■ **RECORDS FOR THE EXERCISE**:
....
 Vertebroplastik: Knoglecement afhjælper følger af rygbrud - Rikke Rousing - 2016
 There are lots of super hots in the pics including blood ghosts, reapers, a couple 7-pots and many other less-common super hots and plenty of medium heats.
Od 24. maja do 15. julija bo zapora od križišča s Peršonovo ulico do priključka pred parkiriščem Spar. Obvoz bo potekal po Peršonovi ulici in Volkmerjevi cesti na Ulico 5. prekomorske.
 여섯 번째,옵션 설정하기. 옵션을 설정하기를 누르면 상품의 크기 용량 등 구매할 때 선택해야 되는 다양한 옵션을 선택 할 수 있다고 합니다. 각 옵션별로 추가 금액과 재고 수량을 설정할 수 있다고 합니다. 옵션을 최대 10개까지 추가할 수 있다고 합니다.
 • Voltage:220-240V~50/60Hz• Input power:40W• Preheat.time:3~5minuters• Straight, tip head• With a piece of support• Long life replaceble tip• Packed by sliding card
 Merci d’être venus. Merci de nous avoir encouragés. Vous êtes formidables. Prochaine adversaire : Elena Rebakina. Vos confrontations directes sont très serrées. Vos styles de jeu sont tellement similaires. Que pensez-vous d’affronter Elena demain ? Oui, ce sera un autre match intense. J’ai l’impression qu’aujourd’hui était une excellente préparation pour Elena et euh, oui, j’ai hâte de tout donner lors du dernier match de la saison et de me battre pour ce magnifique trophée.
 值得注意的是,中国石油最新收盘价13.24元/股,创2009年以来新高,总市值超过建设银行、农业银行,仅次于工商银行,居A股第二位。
....
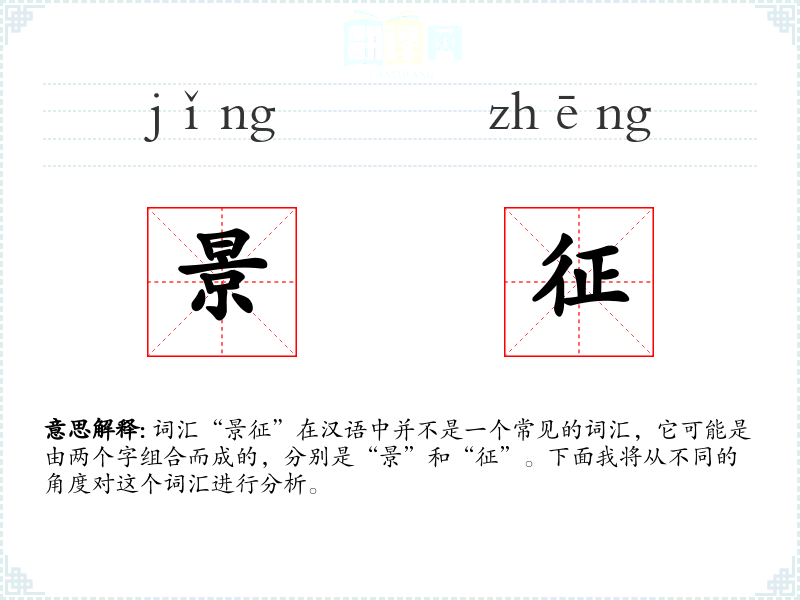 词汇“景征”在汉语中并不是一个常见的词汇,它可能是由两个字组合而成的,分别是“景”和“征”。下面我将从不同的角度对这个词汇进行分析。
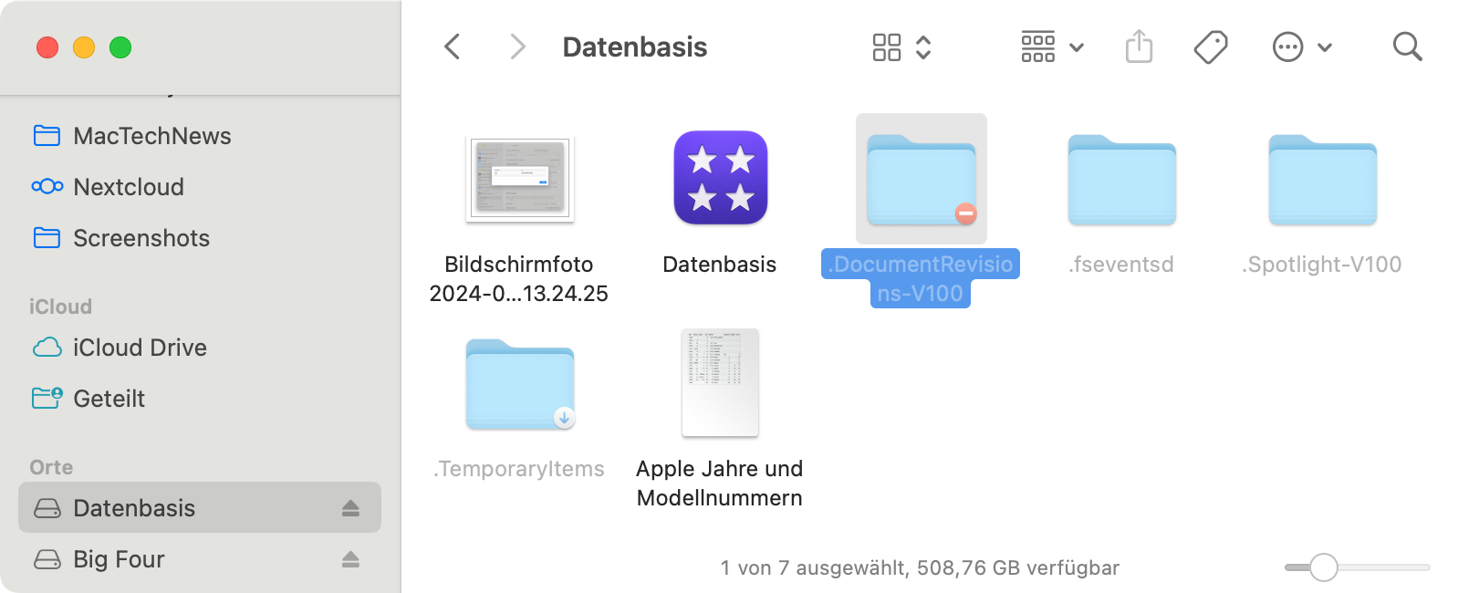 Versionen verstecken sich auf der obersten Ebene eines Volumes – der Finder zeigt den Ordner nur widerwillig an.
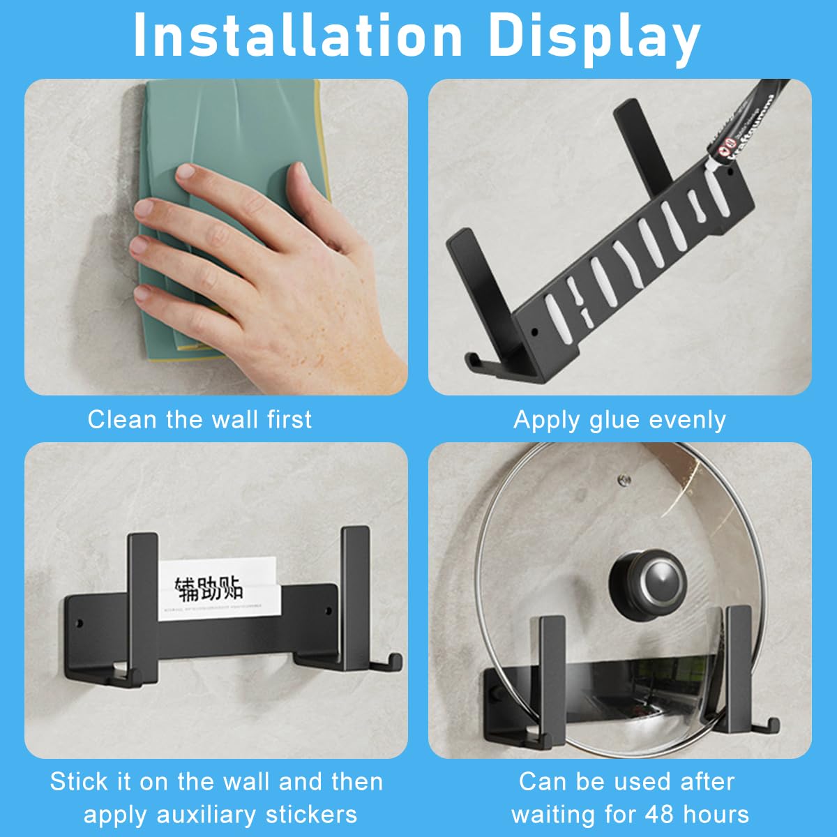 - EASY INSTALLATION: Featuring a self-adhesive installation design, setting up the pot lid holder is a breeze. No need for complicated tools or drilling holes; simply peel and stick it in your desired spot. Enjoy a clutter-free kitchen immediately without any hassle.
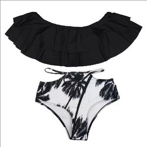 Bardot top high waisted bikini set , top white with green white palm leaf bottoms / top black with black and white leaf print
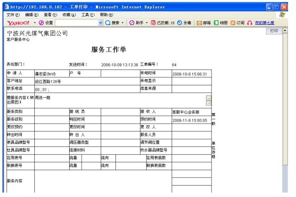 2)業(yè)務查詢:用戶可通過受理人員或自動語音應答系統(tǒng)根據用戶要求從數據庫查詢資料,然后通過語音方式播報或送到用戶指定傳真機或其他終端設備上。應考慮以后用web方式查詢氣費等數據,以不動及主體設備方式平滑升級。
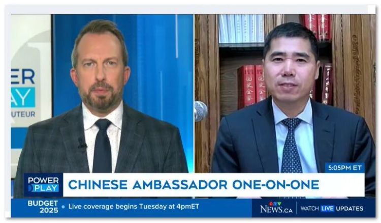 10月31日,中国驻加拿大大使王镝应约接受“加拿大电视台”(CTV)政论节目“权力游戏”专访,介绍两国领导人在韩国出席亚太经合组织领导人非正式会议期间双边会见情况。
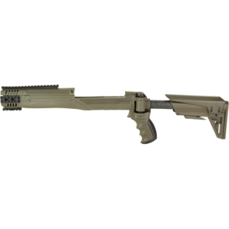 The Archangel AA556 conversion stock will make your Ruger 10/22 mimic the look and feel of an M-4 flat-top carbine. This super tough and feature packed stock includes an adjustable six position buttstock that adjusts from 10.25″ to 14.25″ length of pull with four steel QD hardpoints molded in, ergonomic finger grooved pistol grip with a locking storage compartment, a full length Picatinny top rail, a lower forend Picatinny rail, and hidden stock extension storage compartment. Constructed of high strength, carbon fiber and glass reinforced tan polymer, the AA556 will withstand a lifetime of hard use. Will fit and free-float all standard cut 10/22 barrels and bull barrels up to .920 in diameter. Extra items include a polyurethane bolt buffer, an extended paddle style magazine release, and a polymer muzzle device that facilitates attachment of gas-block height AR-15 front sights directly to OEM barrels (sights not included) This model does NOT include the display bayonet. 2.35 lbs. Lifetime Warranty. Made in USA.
....
■ **YOUR ASSIGNMENT**:
The lines to extract from the data above begin with the line containing "Vertebroplastik: Knoglecement afhjælper" and end with the line containing "여섯 번째,옵션 설정하기.". Extract them exactly, including both.

■ **TASK ANSWER**:
 Vertebroplastik: Knoglecement afhjælper følger af rygbrud - Rikke Rousing - 2016
 There are lots of super hots in the pics including blood ghosts, reapers, a couple 7-pots and many other less-common super hots and plenty of medium heats.
Od 24. maja do 15. julija bo zapora od križišča s Peršonovo ulico do priključka pred parkiriščem Spar. Obvoz bo potekal po Peršonovi ulici in Volkmerjevi cesti na Ulico 5. prekomorske.
 여섯 번째,옵션 설정하기. 옵션을 설정하기를 누르면 상품의 크기 용량 등 구매할 때 선택해야 되는 다양한 옵션을 선택 할 수 있다고 합니다. 각 옵션별로 추가 금액과 재고 수량을 설정할 수 있다고 합니다. 옵션을 최대 10개까지 추가할 수 있다고 합니다.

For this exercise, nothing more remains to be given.